"The true happiness of a man is having clear conscience and being useful for humanity."
Aging is a heterogeneous natural process that can affect all kind of living species particularly humans. This process is characterized by a decrease in functional abilities of the person. One of the major consequences of aging in humans is fragility. As a result, the aging person is subject to many incidents particularly falls. They are very critical if they happen and in some cases they are fatal. Statistics show that 1 out of 3 persons over the age of 65 fall each year. The causes of falls are multi-factorial. They are the result of interactions between factors related to the person and factors related to the environment. According to a recent investigation carried in the United States, 60% of falls happen at home, 30% while walking in the street and the remaining 10% happen in hospitals or in elderly homes or long stay centers. These events have many impacts on different levels. As a matter of fact, falls do not only affect the person himself by increasing his dependencies, but also impacts his environment where the cost of hospitalization and elderly care management become more significant.
The problem of elderly falls does not only concern the medical community but it also involves science and technology. In fact, many researchers have tackled this problem according to two areas of research. Fall detection was primarily their focus. The objective is to reduce the response time and alleviate the impact when a fall occurs. In this area, many devices and systems were developed and experimented. These devices use different sensor technologies. These are divided in two categories: wearable sensors systems and non-wearable sensor systems. The formers commonly use inertial sensors such as accelerometers, gyroscopes and Inertial Measurement Units (IMU) while the latter exploit environmental sensors such as pressure, motion, vibration, acoustic, and infrared sensors, etc. There are also other environmental sensors that use vision techniques through camera or radar deployment. The choice of a fall detection system depends on its capability of detecting fall events with minimum false positives during activities of daily living (ADL). Other criterion such as the portability and intrusiveness play also a role. Some devices require training and they are complex to wear. Moreover, privacy issues arise when vision techniques with cameras are deployed.

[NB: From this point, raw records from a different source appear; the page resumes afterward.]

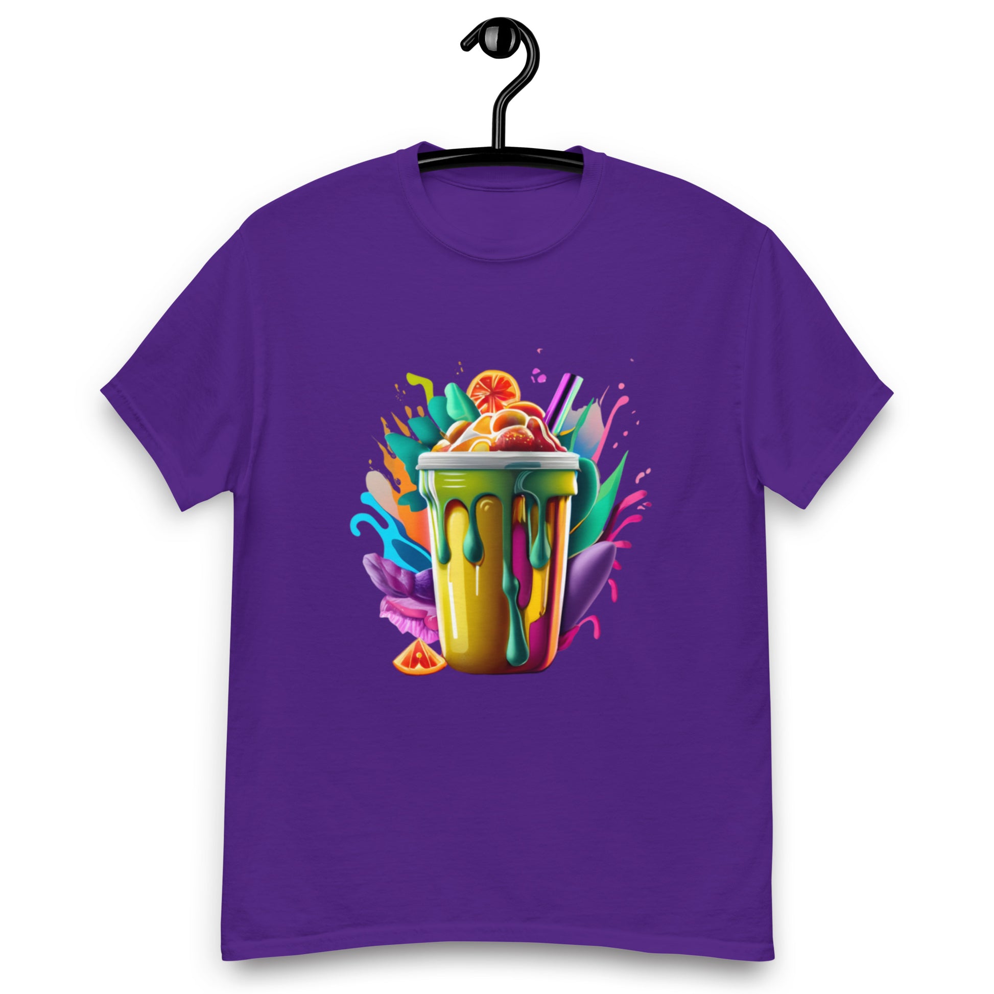 Vår T-shirt med ett färgglatt smoothiemotiv är en hyllning till hälsa och friskhet! Designen är livfull och inspirerande, vilket gör den till en favorit i garderoben. Med en färgsprakande smoothie på din T-shirt, blir du en levande symbol för energi och positivitet var du än går. Visa din kärlek till hälsa och stil med detta unika plagg!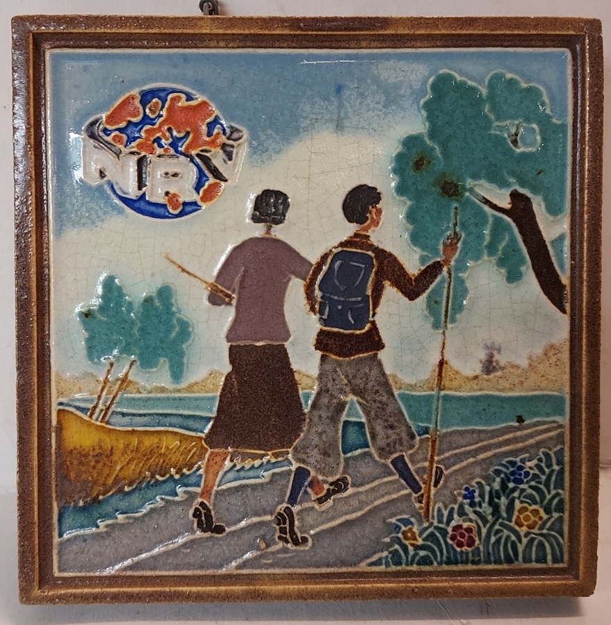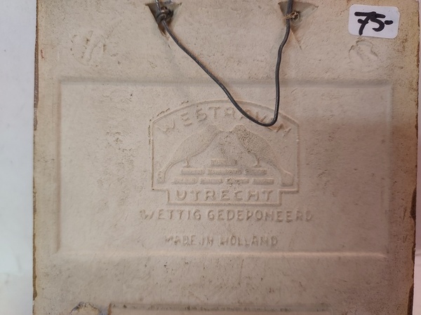 Representación de 2 caminantes en un paisaje. Parte trasera marcada con Westraven.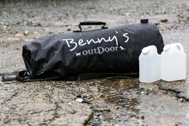 素材はゴムボートにも使われる500Dターポリンを使用しています。耐久性と防水性を兼ね備えた、レジャーや災害時の強い味方です。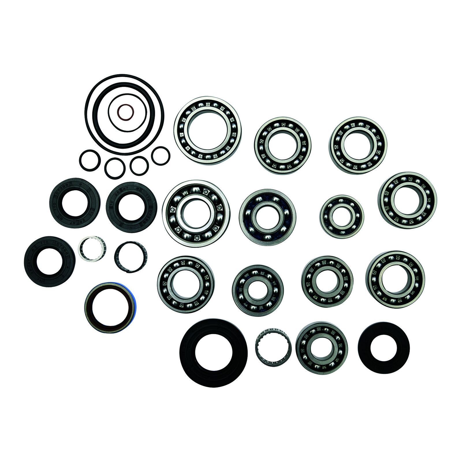 • Comprehensive kit for transmission rebuild includes bearings seals o-rings and shims.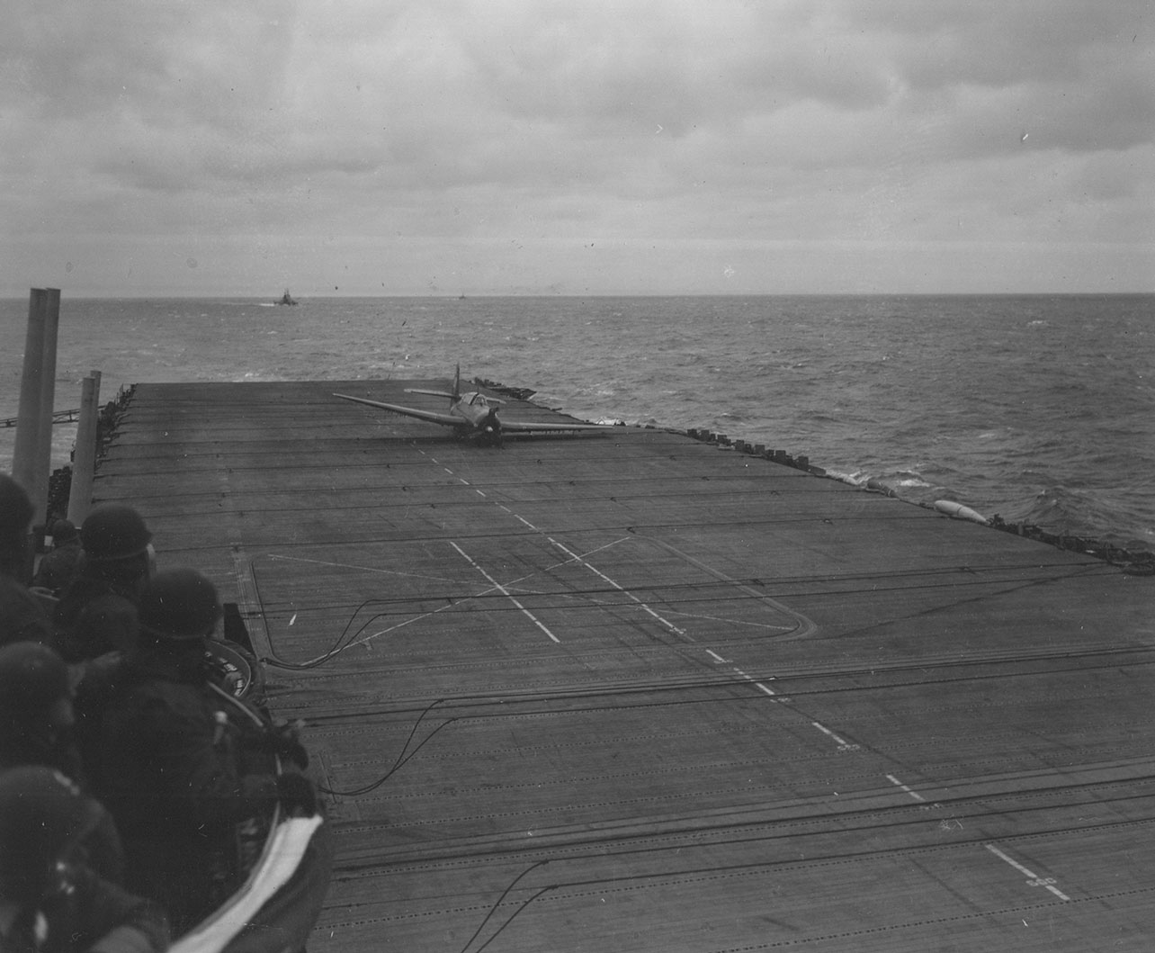169k | VT-82 TBM-3 Avenger #101 makes a gear-up landing on 16 February 1945, after receiving battle damage during a raid over Tokyo, Japan. The plane was so badly damaged that it was pushed overboard; one of eleven lost that day. Note the empty drop tanks on the port catwalk ready for re-arming and re-fueling of the air group for the next strike. US Navy Photo, now in the custody of the US National Archives at College Park, Maryland (80-G-305176). |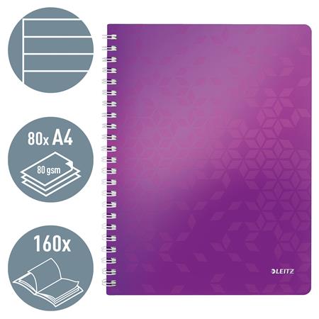 KezdőlapIrodaszerekIrodai papíráruFüzetek, gyűrűskönyvbetétekSpirálfüzet, A4, vonalas, 80 lap, LEITZ "Wow", lila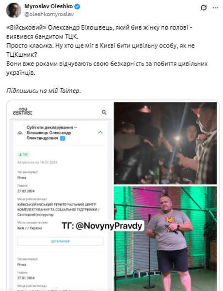После скандала с избиением военного в Киеве из-за замечания, которое он сделал компании, слушавшей русскую музыку, в сети распространилась информация, что якобы человеком, который "ударил женщину по голове" и сам пострадал в столкновении, является работник ТЦК Александр Белошвец. В ведомстве прокомментировали эти данные.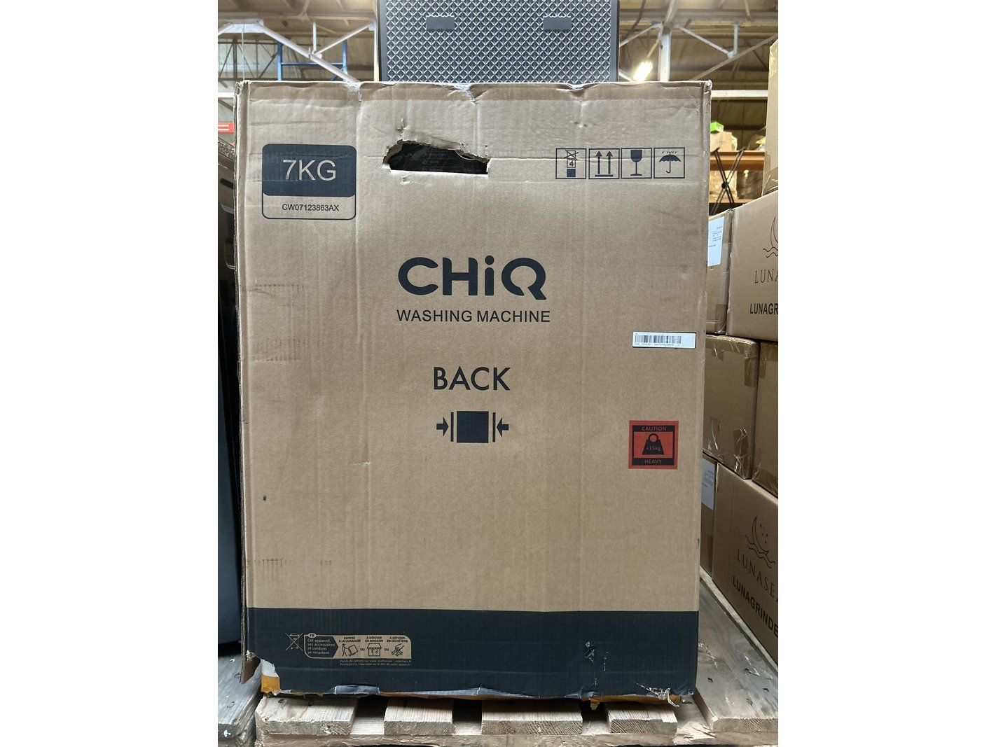 Merk: CHiQ Product: Wasmachine 7 kg AI Smart energieklasse A Afmeting: 600x465x850 mm Specificaties: Showroom model.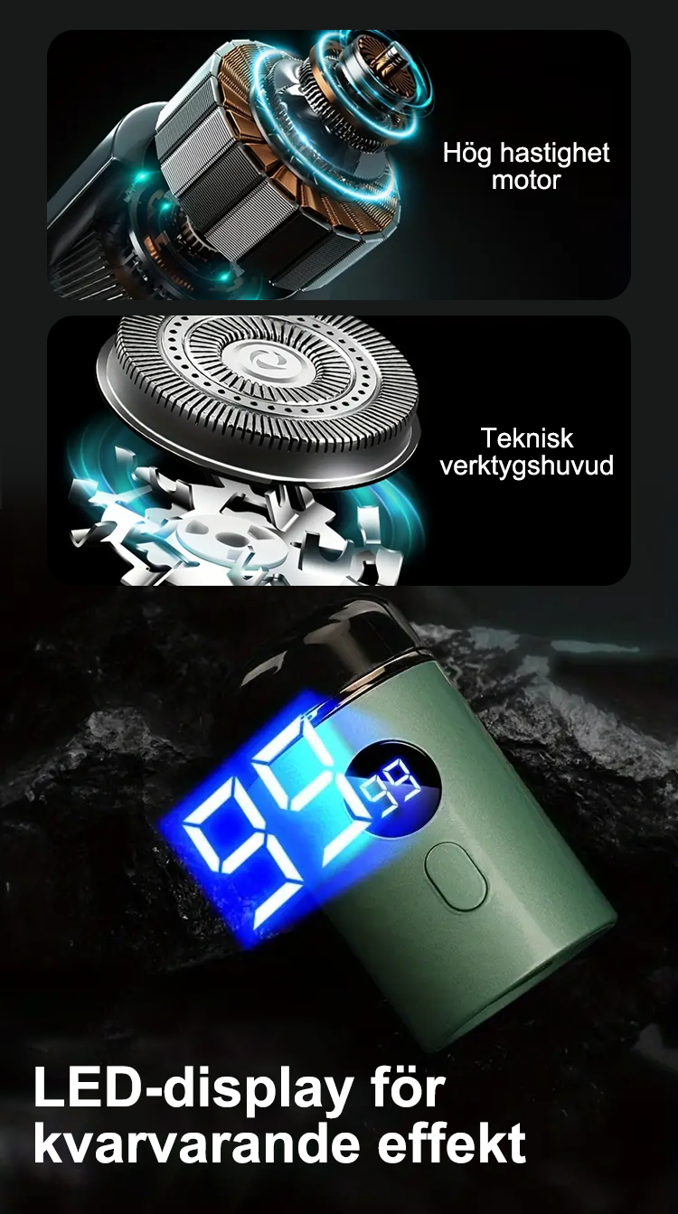 Den här rakapparaten är utrustad med en inbyggd smart digital skärm som övervakar batterinivåerna i realtid, vilket gör att du kan hålla koll på kvarvarande användningstid och undvika oväntade avstängningar.

The area of fall detection has been very well exploited by scientists and researchers. But, what if falls can be detected just before they even happen? The idea is to detect balance or gait disorders in order to alert the patient of a potential fall. Thus, the same data acquired in fall detection systems are processed differently in fall prevention systems. Efforts in this area drive researchers to analyze gait and balance parameters in order to predict the risk of falling and alert the patient. This work is currently done in clinical settings. Taking fall prevention to home is still a research challenge due to the complexity and the variability of the parameters involved. Available solutions encompass wearable sensors due to their adherence with the gait and balance parameters. Environmental sensors that predict elderly falls are also being developed.
Last but not least, societies are measured by how much they take care of their elders. I believe consolidated effort between medical professionals and scientific research will always lead research in the right path.